Stifled by such an environment, Richard became certain that he could never grow beyond boyhood if he remained in the South. This persistent conviction that his environment had failed to nourish him gives Black Boy its deterministic tone. Like the writers of naturalistic fiction whom he admired (Theodore Dreiser, Sinclair Lewis, and others), Wright seems to have distanced himself from his subject (his childhood) in order to tell his story with objectivity and to make poignant his sense of alienation from his environment.

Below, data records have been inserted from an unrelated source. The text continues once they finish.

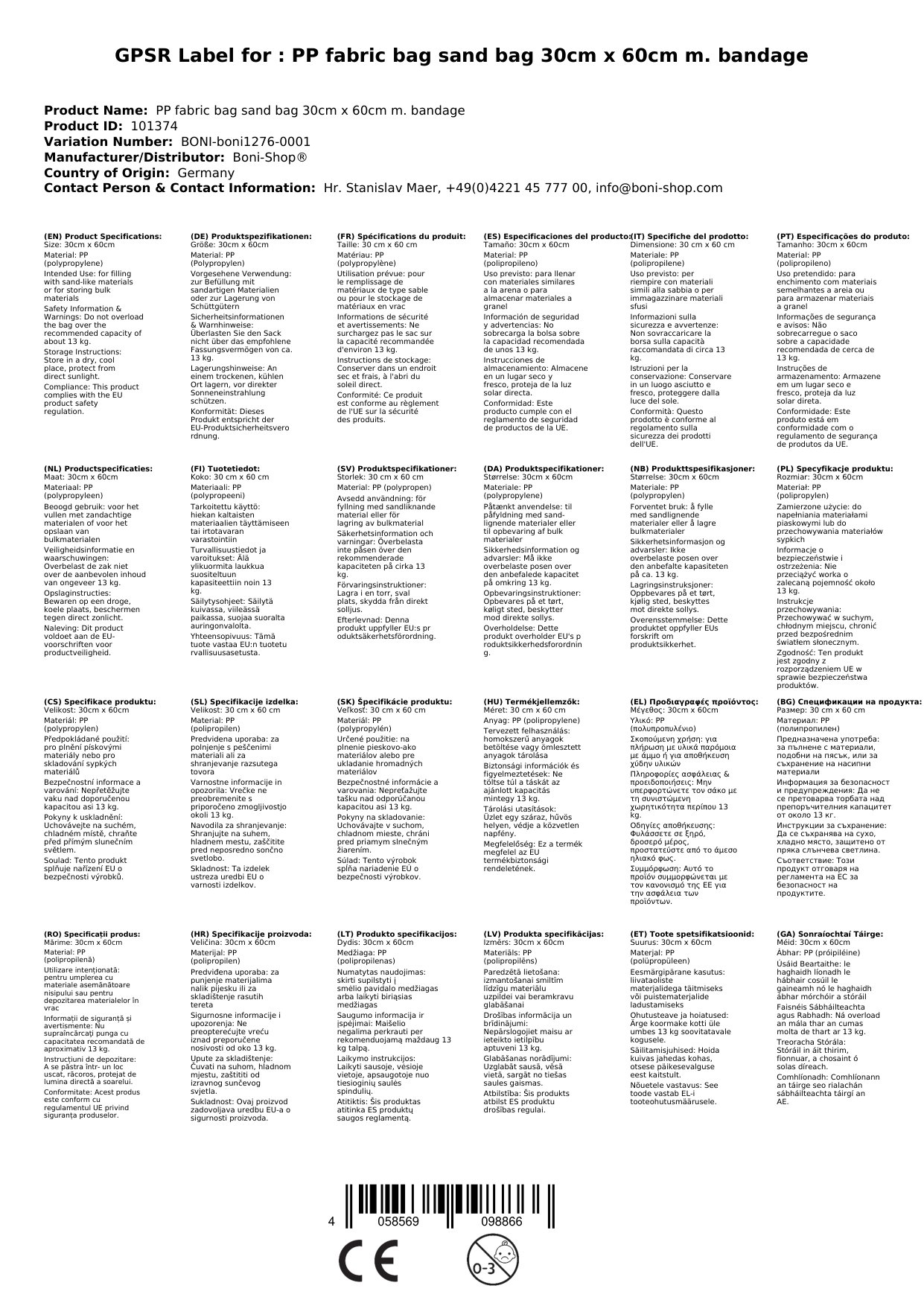 Mála Gainimh, Sac PP 30x60cm, Sac Tromshaothair le Cosaint UV
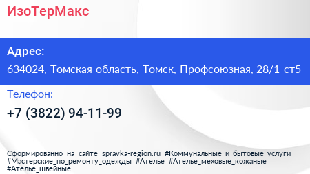 ИзоТерМакс по адресу 634024, Томская область, Томск, Профсоюзная, 28/1 ст5 в дальнейшем Организация, размещена в следующих категориях:
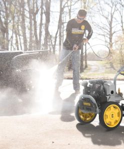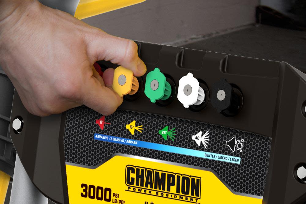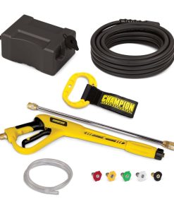 The Champion Power Equipment 100781 3000-PSI 2.3-GPM Gas Pressure Washer provides cost-effective, ??do-it-yourself?? cleaning power. This 3000-PSI pressure washer performs well under pressure no matter what the job. Whether your outdoor cleaning project involves your patio, deck, outdoor furniture, siding, fence, driveway, car, truck, boat, RV, farm equipment or something else, Champion??s low profile style pressure washer is designed for performance. The five quick-connect nozzles (0?, 15?, 25?,40?, soap) ensure maximum cleaning performance for any type of job. Extend your reach with the included 25-foot high-pressure hose. Use detergents hassle-free with the onboard 1-gallon detergent tank. The Annovi Reverberi axial cam pump is designed for high performance and long pump life, and will ensure consistent cleaning performance for everyday jobs. Champion??s low-profile design along with the 12-inch wheels make this pressure washer easy to maneuver. The handy hose storage strap plus onboard storage for the rubber high-pressure hose, trigger gun and spray wand ensure you??ll have what you need when you need it, plus you??ll be able to keep moving without having to stop and put things away. The durable steel frame is built to last. Powered by a 160cc GC160 Honda single-cylinder OHC engine with a 0.5-gallon fuel tank and designed with a low oil shut-off sensor, this unit has a 0.6 qt. oil capacity (recommended 10W-30 oil plus funnel are both included). This pressure washer is CARB certified. Buy with confidence – Champion Support and our nationwide network of service centers will back your purchase up with a 2-year limited warranty and FREE lifetime technical support.

Black Boy occupies a prominent position in the tradition of American autobiography. It is often compared to such slave narratives as The Narrative of the Life of Frederick Douglass (1845, revised 1892) because of its similar narrative development. Like Douglass, Wright fought against, and finally fled, an oppressive environment; he educated himself through sheer effort of will. Black Boy, however, more clearly attempts to create a “self” through writing. In that sense, it bears a closer resemblance to such works as The Autobiography of Benjamin Franklin (1791). Indeed, Franklin’s “model” American life throws Richard Wright’s experience into relief. While Wright “hungered for books,” Franklin satiated himself with them. Wright spoke out boldly; Franklin spoke modestly and diffidently. Wright submitted his first manuscript audaciously; Franklin slipped his surreptitiously under the door. Wright’s writing served to alienate him from his own culture; Franklin won immediate acceptance through his writing. Religion proved not to be meaningful to Wright; to Franklin it simply was not useful. Such sustained comparisons, in short, show just how counter Wright’s life runs to the prototypical American experience that Franklin describes. Franklin’s is an autobiography which confidently declares, “This is who I am,” while Wright’s persistently questions, “Who am I?”
For all the courage and conviction it projects, Black Boy nevertheless presents a serious indictment of the American Dream. Wright is looking not so much for success as he is for a meaningful life. It is through books which “seemed defensively critical of the straitened American environment” that Wright glimpses the possibility for a meaningful life. Such books, he observes, both discouraged him and gave him hope, for while they made him see what was possible, they also showed him what he had missed. So it is that Black Boy itself embodies the same sort of ambivalence. Sorrowfully depicting his own alienation, Wright also laments the easy conformity of other blacks. While Black Boy on one side portrays a tenacious individual who dreams, it also bears witness to an entire subculture that cannot dream—blacks who, though “they lived in an America where in theory there existed equality of opportunity, they knew unerringly what to aspire to and what not to aspire to.” Black Boy is, at its deepest level, neither a book about boyhood nor a book about being black, but a work which offers a penetrating insight into our common humanity.